Febrile neutropenia is a common treatment-related complication in oncologic pediatric patients with substantial morbidities and mortalities. Recent studies found that the mortality rate of febrile neutropenic pediatric patients was approximately 0.5–6 percent [1–3]. A previous study in King Chulalongkorn Memorial Hospital, Thailand, from 2007 to 2009 found that the incidence of febrile neutropenia in pediatric patients per 100 admissions was 21.2 and the mortality rate was 16.6 percent [4].

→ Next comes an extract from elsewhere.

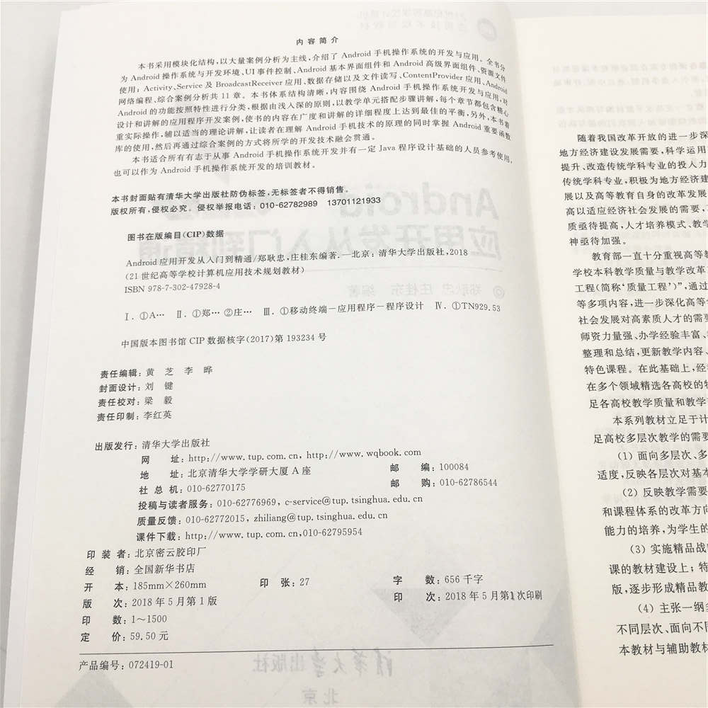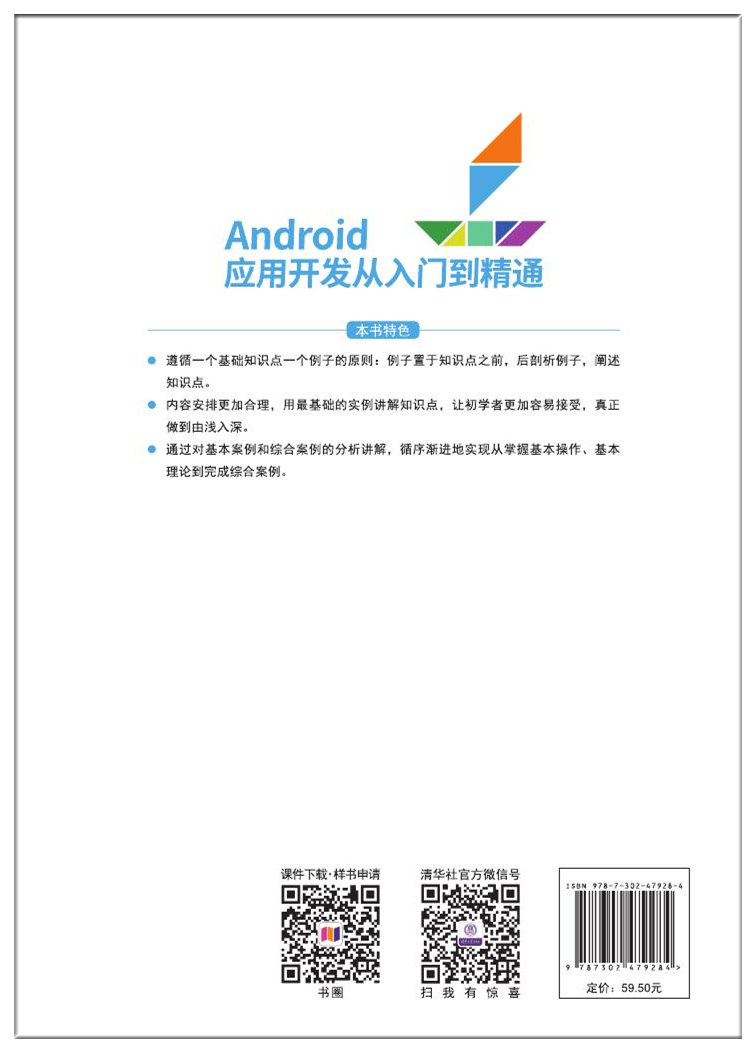 前言 目前Android是一门新兴技术,无论是相关书籍还是教育体制都处于初级阶段,因此Android人才在短期之内将会呈现供不应求的状态。从长期来看,随着各种移动应用需求的增加,手机应用开发商对Android应用的开发力度也会不断加大,因此,随着安卓手机用户比例的增长,更加剧了市场对有关Android系统开发书籍的需求。 本书对Android的功能按照特性进行分类,根据由浅入深的原则,以教学单元搭配步骤讲解,每个章节都包含精心设计和讲解的应用程序开发案例,使书的内容在广度和深度上达到最佳的平衡。另外,本书着重实际操作,并辅以适当的理论讲解,让读者在理解Android手机技术的原理的同时掌握Android重要函数库的使用,然后再通过综合案例的方式将所学的开发技术融会贯通。 相对其他教材,本书具有如下特点: (1) 遵循一个基础知识点对应一个实例的原则: 将实例置于知识点之前,然后剖析实例,阐述知识点。 (2) 内容安排更加合理,用最基础的实例讲解知识点,让初学者更加容易接受,真正做到由浅入深。 (3) 通过对基本案例和综合案例循序渐进的介绍分析,由浅入深地完成掌握基本操作、基本理论到完成综合案例的全部过程。 本书可作为本科或高职高专软件工程、计算机科学与技术等专业的教材,也可供其他专业学生和从事Android开发与应用的有关技术人员参考。课程标准学时为72学时或54学时,在教学过程中可根据具体情况选学本书内容。 本书由郑耿忠主编和统稿,其中第1~6章由郑耿忠编写,第7~11章由庄桂东编写,书中案例由庄桂东录制。 本书在编写和出版过程中,得到...

Antibiotics remain the mainstay treatment of febrile neutropenia which influences the clinical outcome of infection. The choice of empirical antibiotic treatment should be based on the patient’s infectious risk, potential site of infection, predominant causative pathogens, and sensitivity of those organisms to antibiotics which varies between each center [5]. Recent studies have found that 25–50% of febrile neutropenic episodes were microbiologically documented infections [2, 3, 5, 6]. The previous studies during 2000–2010 showed that the most common isolated pathogens in febrile neutropenic patients were bacteria [2–6]. There has been an increasing proportion of Gram-positive bacterial infection due to central venous catheter insertion in these patients [6–8]. Previous studies in developed countries found that there has been a shift in the causative microorganisms to Gram-positive bacteria [2, 6, 7, 9, 10] but Gram-negative bacteria continue to be a predominant causative pathogen among developing countries [3–5, 11] The previous study during 2007–2009 in Thailand reported that the most common pathogens isolated from cultures in pediatric oncologic patients were Gram-negative bacteria (80%) [4].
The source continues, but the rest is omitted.